Your objective: Read through the lines below for the string "above" and copy each one that has it.

Task data:
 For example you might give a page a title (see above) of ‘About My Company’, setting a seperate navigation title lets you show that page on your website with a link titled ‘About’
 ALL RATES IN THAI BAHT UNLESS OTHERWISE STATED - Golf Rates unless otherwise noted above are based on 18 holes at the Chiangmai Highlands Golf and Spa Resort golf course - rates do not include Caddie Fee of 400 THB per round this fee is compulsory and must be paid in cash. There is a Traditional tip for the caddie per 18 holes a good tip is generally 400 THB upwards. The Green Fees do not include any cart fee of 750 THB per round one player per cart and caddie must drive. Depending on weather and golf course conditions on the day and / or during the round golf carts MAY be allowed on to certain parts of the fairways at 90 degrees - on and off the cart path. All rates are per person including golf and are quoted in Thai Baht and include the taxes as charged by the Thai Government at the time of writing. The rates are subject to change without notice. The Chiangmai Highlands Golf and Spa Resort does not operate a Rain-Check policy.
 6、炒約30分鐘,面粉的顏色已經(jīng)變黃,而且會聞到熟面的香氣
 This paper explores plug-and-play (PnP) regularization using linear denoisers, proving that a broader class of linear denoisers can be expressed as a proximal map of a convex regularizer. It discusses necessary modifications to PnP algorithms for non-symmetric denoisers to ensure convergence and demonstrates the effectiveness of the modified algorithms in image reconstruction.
---
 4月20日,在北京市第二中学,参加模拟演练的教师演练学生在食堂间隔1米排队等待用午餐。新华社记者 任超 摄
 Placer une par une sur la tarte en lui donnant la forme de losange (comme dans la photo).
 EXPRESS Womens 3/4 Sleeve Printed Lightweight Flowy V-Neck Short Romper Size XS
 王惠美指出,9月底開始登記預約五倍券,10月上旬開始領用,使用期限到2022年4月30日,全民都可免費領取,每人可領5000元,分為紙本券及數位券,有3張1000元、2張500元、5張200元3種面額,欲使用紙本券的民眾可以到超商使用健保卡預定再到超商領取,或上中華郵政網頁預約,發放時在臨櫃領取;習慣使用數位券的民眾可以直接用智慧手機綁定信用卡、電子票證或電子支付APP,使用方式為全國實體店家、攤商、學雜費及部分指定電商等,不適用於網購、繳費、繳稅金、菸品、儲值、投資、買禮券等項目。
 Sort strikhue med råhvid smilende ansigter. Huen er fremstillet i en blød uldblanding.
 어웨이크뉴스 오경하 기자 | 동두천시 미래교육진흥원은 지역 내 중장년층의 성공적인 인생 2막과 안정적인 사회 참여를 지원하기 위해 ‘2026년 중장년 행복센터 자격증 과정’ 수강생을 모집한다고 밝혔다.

Result of this task:
 For example you might give a page a title (see above) of ‘About My Company’, setting a seperate navigation title lets you show that page on your website with a link titled ‘About’
 ALL RATES IN THAI BAHT UNLESS OTHERWISE STATED - Golf Rates unless otherwise noted above are based on 18 holes at the Chiangmai Highlands Golf and Spa Resort golf course - rates do not include Caddie Fee of 400 THB per round this fee is compulsory and must be paid in cash. There is a Traditional tip for the caddie per 18 holes a good tip is generally 400 THB upwards. The Green Fees do not include any cart fee of 750 THB per round one player per cart and caddie must drive. Depending on weather and golf course conditions on the day and / or during the round golf carts MAY be allowed on to certain parts of the fairways at 90 degrees - on and off the cart path. All rates are per person including golf and are quoted in Thai Baht and include the taxes as charged by the Thai Government at the time of writing. The rates are subject to change without notice. The Chiangmai Highlands Golf and Spa Resort does not operate a Rain-Check policy.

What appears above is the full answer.